/get_enafq

get fastq raw data from ena

Primary LanguageShellMIT LicenseMIT

enasra

Enasra is a tool to download WGS PE raw data from ENA.

Usage

Installation

# install requirements
$ mamba install aspera-cli curl aria2c

# download enasra
$ git clone https://github.com/indexofire/enasra.git

Download data

  1. Prepare a SRA/ERA/DRA accession list text file.

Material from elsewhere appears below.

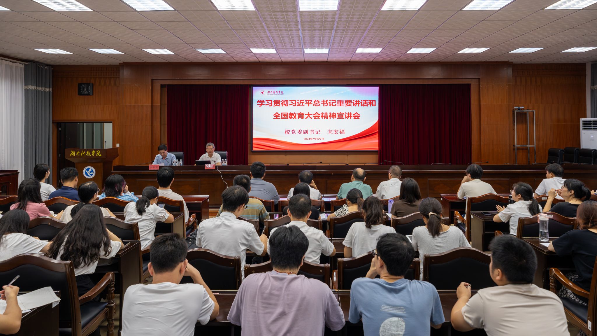 学校针对不同宣讲对象,注重集中多方力量,形成工作合力,增强宣讲的针对性、生动性和实效性,切实把全国教育大会精神讲全、讲准、讲透。学校邀请湖南农业大学党委书记陈弘来校围绕教育科技人才一体化融合发展作专题宣讲报告。

Use entrez-direct or NCBI/ENA web page tools to extract what you need.

  2. run get_enafq pipeline.

# create list or you can download a list from NCBI
$ echo -e "DRR178303\nERR044749\nERR2668680" > list

# run pipeline to download
$ ./get_enafq.sh -i list

# run pipeline to download in 2 connections
$ ./get_enafq.sh -i list -j2

# use wget to download via ftp method
$ ./get_enafq.sh -m ftp -t wget -i list -d output

Checksum

# md5sum had checked when downloading, you can manually check again
$ cd output
$ for i in *.txt; do md5sum -c $i; done | grep -v OK

Recommendation

This is a tiny pipeline used for myself daily. If you need a full software to download raw data of WGS in public database, I recommend something real, like kingfisher, sra-tools, etc.